# Where to buy?



## PositiveThinking! (Mar 5, 2010)

I'd like to know where to find B-Complex Sublingual and Fish Oil because I really have no idea









Also, I've been looking around the Internet and I found out that you can get B-Complex in pills/liquid form, which one would do best?


----------



## Gingermanbread (May 23, 2010)

I don't know about B-Complex, but I know I've seen Fish Oil at the Super Target near my house. I would imagine that you could find both at either a supplement store or one of those 'greener lifestyle' stores that sell lots of vegetarian stuff. But because I've seen it at Target, I'd imagine you could find it in the vitamin section of any big store.

Good luck!


----------



## 2deepathinker (Aug 17, 2009)

PositiveThinking! said:


> I'd like to know where to find B-Complex Sublingual and Fish Oil because I really have no idea
> 
> 
> 
> ...


I bought sublingual b complex at a nutrition store. I live in Los Angeles, and there is a place called: Allstar Nutrition. They had it. I also saw it at Henri's Market as well yesterday.
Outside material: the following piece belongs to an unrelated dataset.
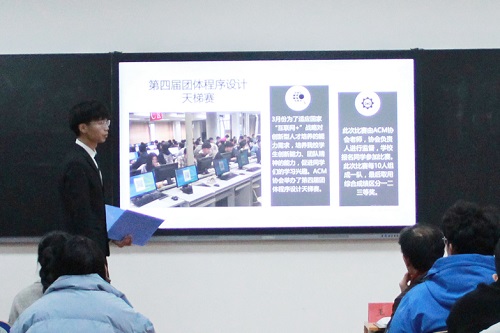 会议伊始,由汪茗惠老师进行会议内容、会议主旨介绍,详细阐述了此次会议的基本流程和成绩评判细则。随后主持人宣布此次社团年终评优会议正式开始,答辩人员按照签到顺序依次上台答辩。答辩人需在五分钟内向大家展示社团风采,结束后由各位评委进行点评。答辩时,各社团负责人结合PPT用生动流利的话语介绍在这一年里社团的发展、所举办的活动和取得成绩以及对未来的展望。在评委点评环节,各位评委老师对答辩内容提出针对性问题,答辩人员根据评委老师提出的问题做出了回答。最后,为使社团能够以更好的面貌参加校级终评,评委对答辩的整体风格、内容以及排版等方面给出合理建议,同时对各社团汇报流程中可圈可点之处提出表扬,并鼓励社团保持优点的同时吸取经验,进一步提升汇报质量。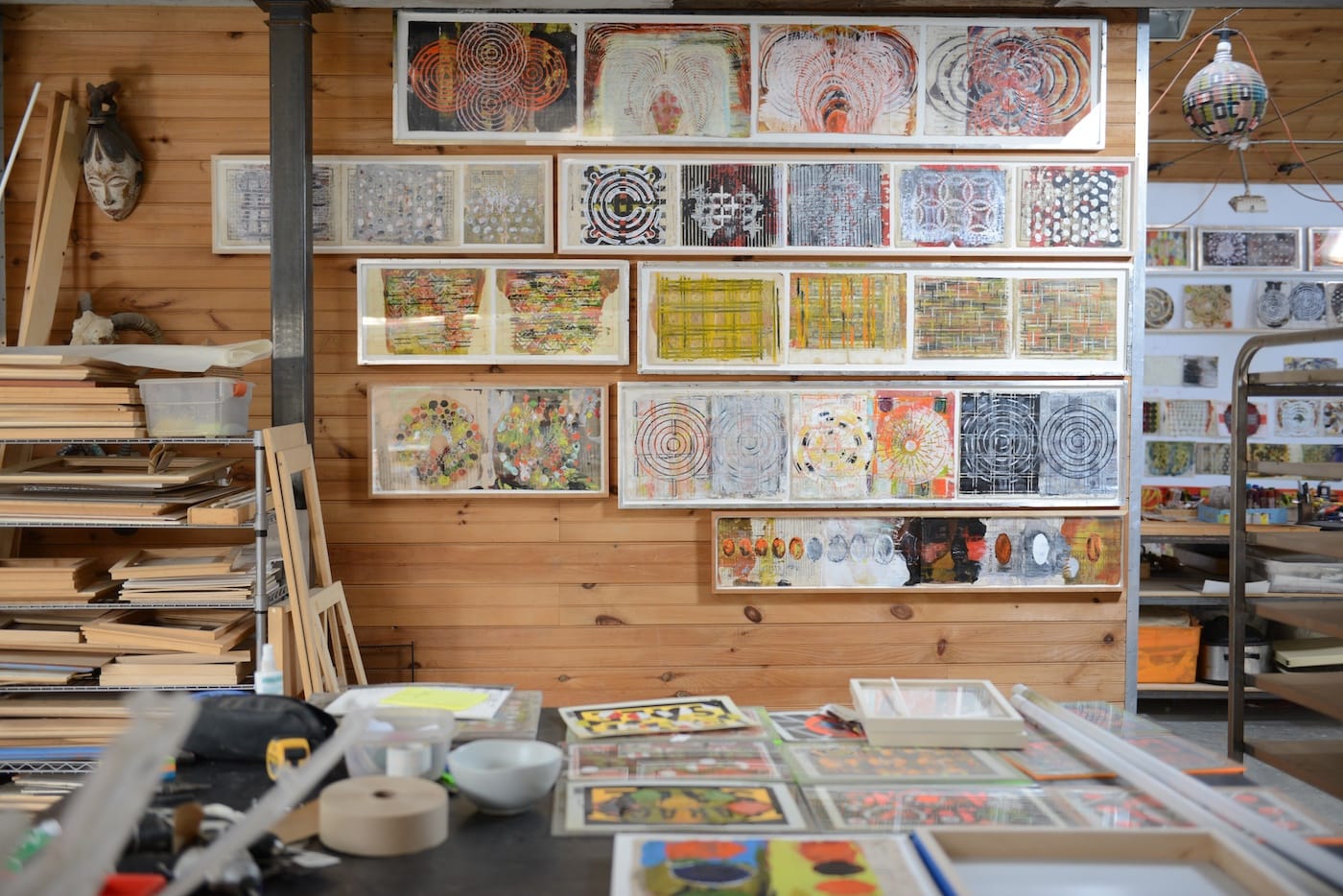 The room where we settle in to talk is a “drawing” studio: recent paintings on paper cover the walls in rows from floor to ceiling. She calls it the most private of the spaces, one which her assistants never enter. Although Pfaff is considered a sculptor and installation artist, her work incorporates painting throughout, and is orchestrated in a painterly manner. Despite the size and virtuosity of their engineering, her installations are approachable: there are human-scaled parts, like these small paintings on paper, familiar patterns, and photographic images.

Try a specialty nutrition or vitamin store, or see if it is available online.


----------



## PositiveThinking! (Mar 5, 2010)

Thanks a lot for the replies, guess I'll be buying both of them as soon as possible and I really hope I get some good results out of it









Oh and, as for my second question, should I get it in pills or drops?


----------



## Gingermanbread (May 23, 2010)

I don't think it would matter, I think that would just be preference based on price and how comfortable you are swallowing pills. Like a doctor, I'd always say go pills first, but if you're incapable of taking them, or you just have trouble swallowing them, go liquid.


----------



## Dyna (May 13, 2010)

Apparently liquid B Complex is much more affective than pills.


----------



## Gingermanbread (May 23, 2010)

Dyna said:


> Apparently liquid B Complex is much more affective than pills.


I stand corrected.


----------



## 2deepathinker (Aug 17, 2009)

Gingermanbread said:


> I stand corrected.


Agreed


----------



## flat (Jun 18, 2006)

Try hemp seed oil too. You should be able to get it anywhere. It's full of omega 3,6,9 nutrients like fish oil (probably even more than fish oil) and it may have a fair amount of cannabidiol which is known for it's anti-anxiety effects.


----------



## PositiveThinking! (Mar 5, 2010)

flat said:


> Try hemp seed oil too. You should be able to get it anywhere. It's full of omega 3,6,9 nutrients like fish oil (probably even more than fish oil) and it may have a fair amount of cannabidiol which is known for it's anti-anxiety effects.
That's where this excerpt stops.